The terms forge and furnace appear to have been used interchangeably to some extent in Colonial times.
A typical furnace would be twenty feet or more in height, about twenty-four feet across the base, and sixteen feet at the top, tapering upward like a cone or pyramid with the top sliced off. It's function was the reduction of ores to crude pig iron through intense heat. The iron was run off to harden in sand molds.
The smelting process was accomplished by charging the furnace from the top with alternate layers of ore, charcoal, and oyster shells or limestone. The lime combined with ore impurities to make a slag which floated on the top of the refined iron. The iron was tapped off at the bottom and the slag drawn off higher up the side of the furnace every ten hours.
Charcoal was the ideal fuel in the days before anthracite coal came into use and provided superior. Hickory made the best charcoal but apparently any wood at hand was used on occasion.
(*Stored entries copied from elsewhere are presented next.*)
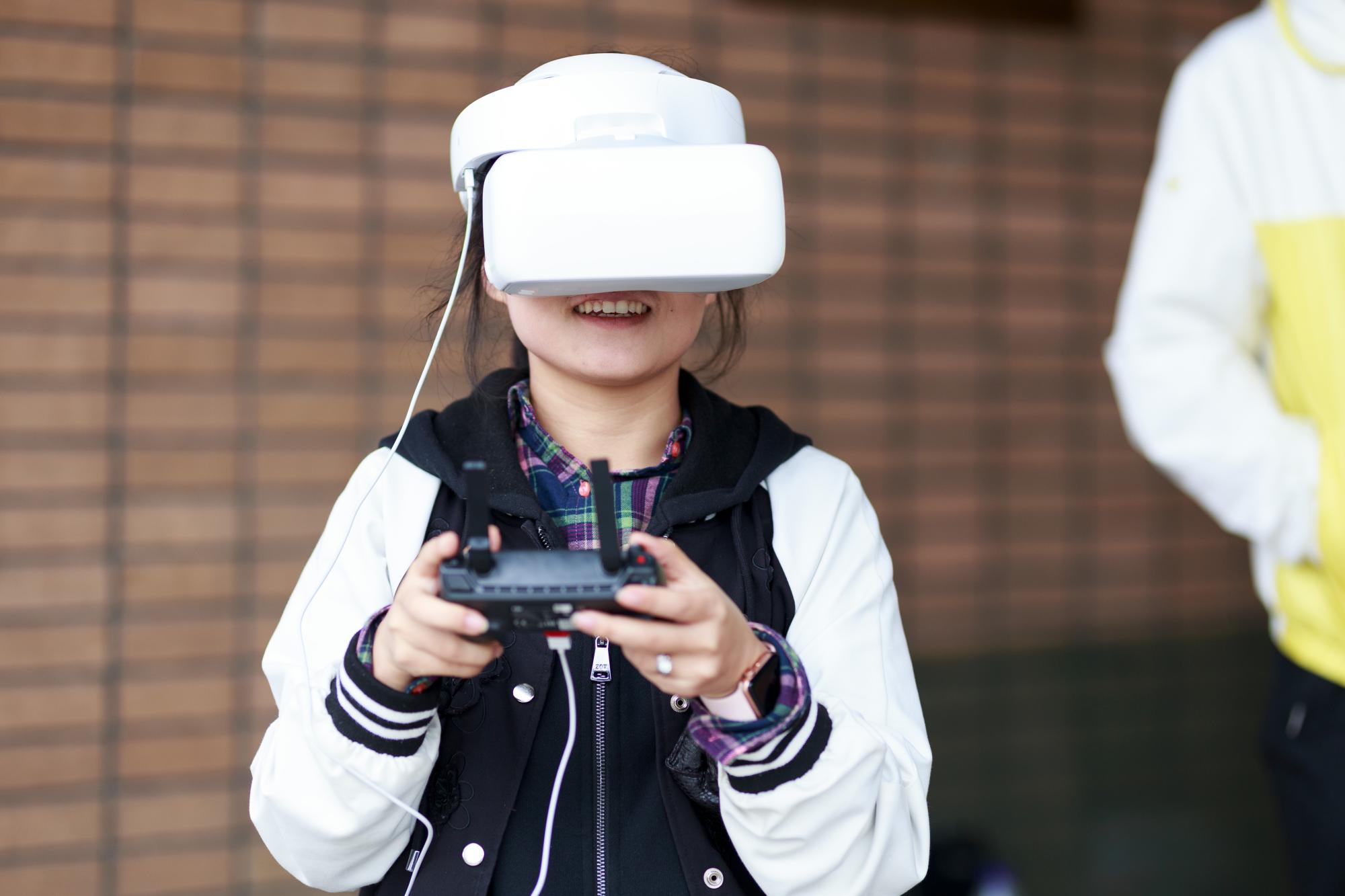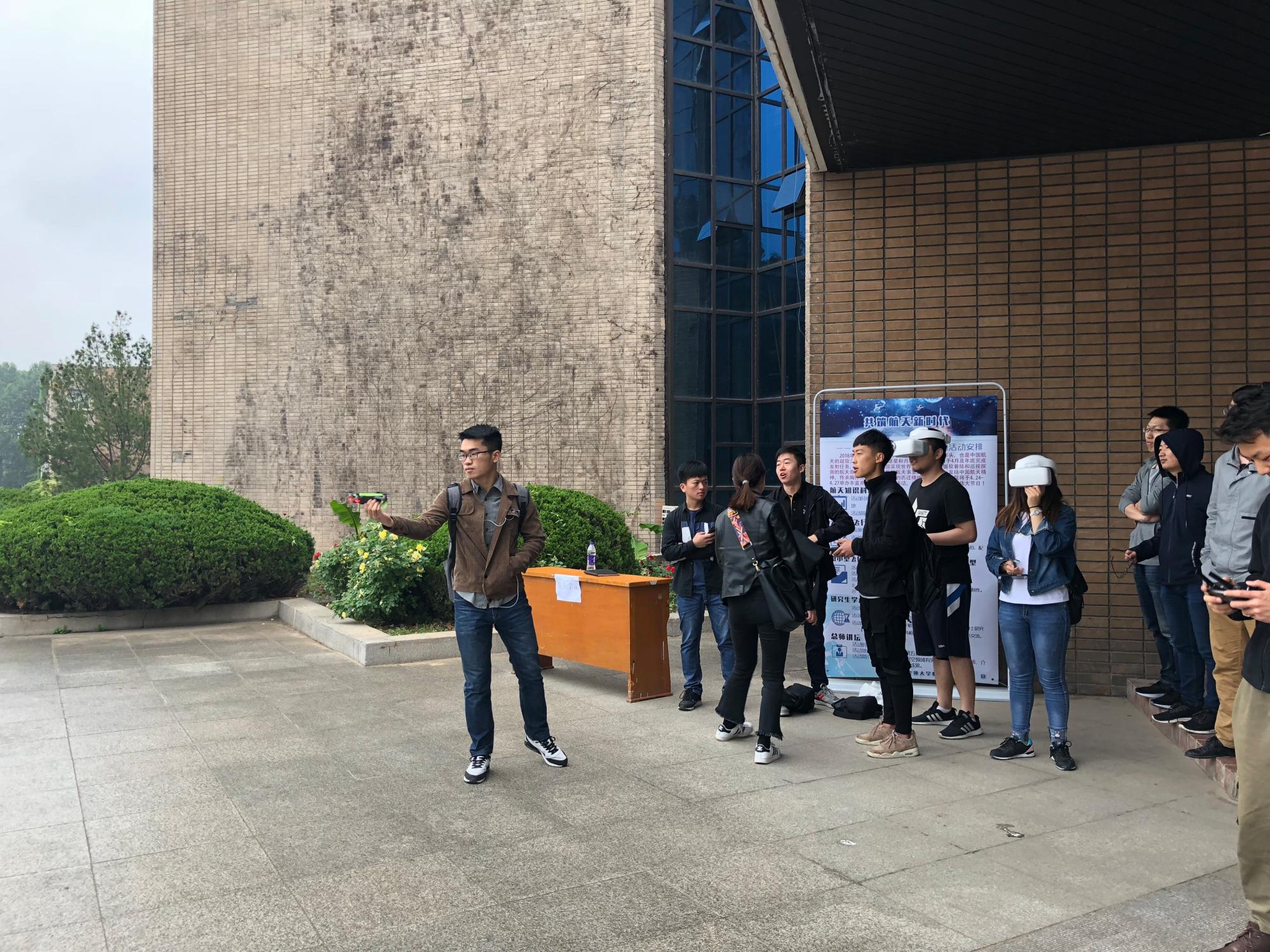 外场活动无人机第一视角飞行VR体验,通过在无人机加装无线图像传输设备,参与人员可以在地面通过视频眼镜或显示屏看到无人机飞行时的前方画面,据此操控无人机前进。前往体验第一视角飞行的师生络绎不绝。硕7073赵娜表示,很少参加活动但通过亲手操作和VR体验,领略不同高度视野,开拓了视野增长知识,增加了我对飞行器了解的热情。
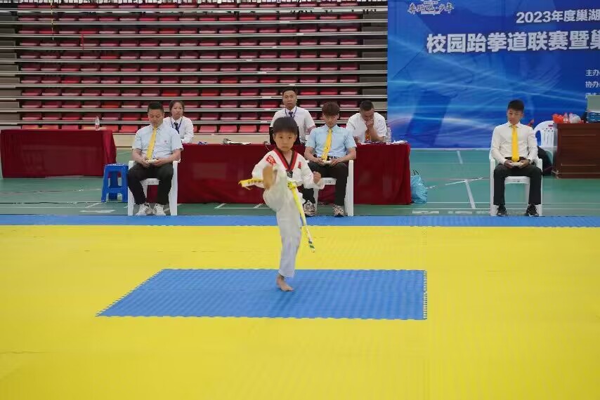 5月20日,2023年度巢湖市中小学阳光体育运动校园跆拳道联赛暨巢湖市青少年跆拳道锦标赛鼓山校区开幕,此次赛事是由巢湖市教育体育局主办,巢湖市跆拳道协会承办,Beat365基础教育学院为协办单位。
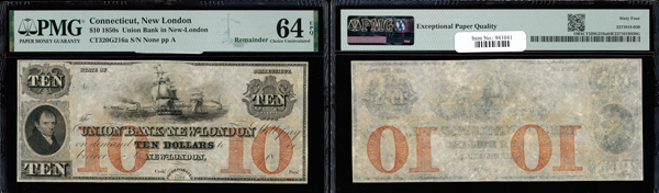 New London, Connecticut - Union Bank in New-London $10 18__ G230a Remainder PMG Choice Uncirculated 64 EPQ. (Haxby-G230a),

The average furnace used the wood from about 240 acres of land each year.
A forge was a more refined version of the furnace. Pig iron from a furnace, often on the same site, was resmelted and refined into malleable bar iron.
Pig iron could be cast into pots, pans, kettles, firebacks, stoves, and sash weights. But "bar iron" or wrought iron was required for products which had to be pounded into shape and required great strength. Thus tools, wheel rims, and horse shoes were made from this material.
As iron was resmelted in the forge fire, it was beaten with heavy hammers, often weighing five hundred pounds. These were raised by a water wheel and then allowed to fall upon the molten metal. This process removed impurities.
Also found in early iron works were rolling mills, where heavy rollers flattened wrought metal into sheet iron, and slitting mills, which employed mechanical shears to turn out iron rods from which were made nails, wagon tires, and other similar products.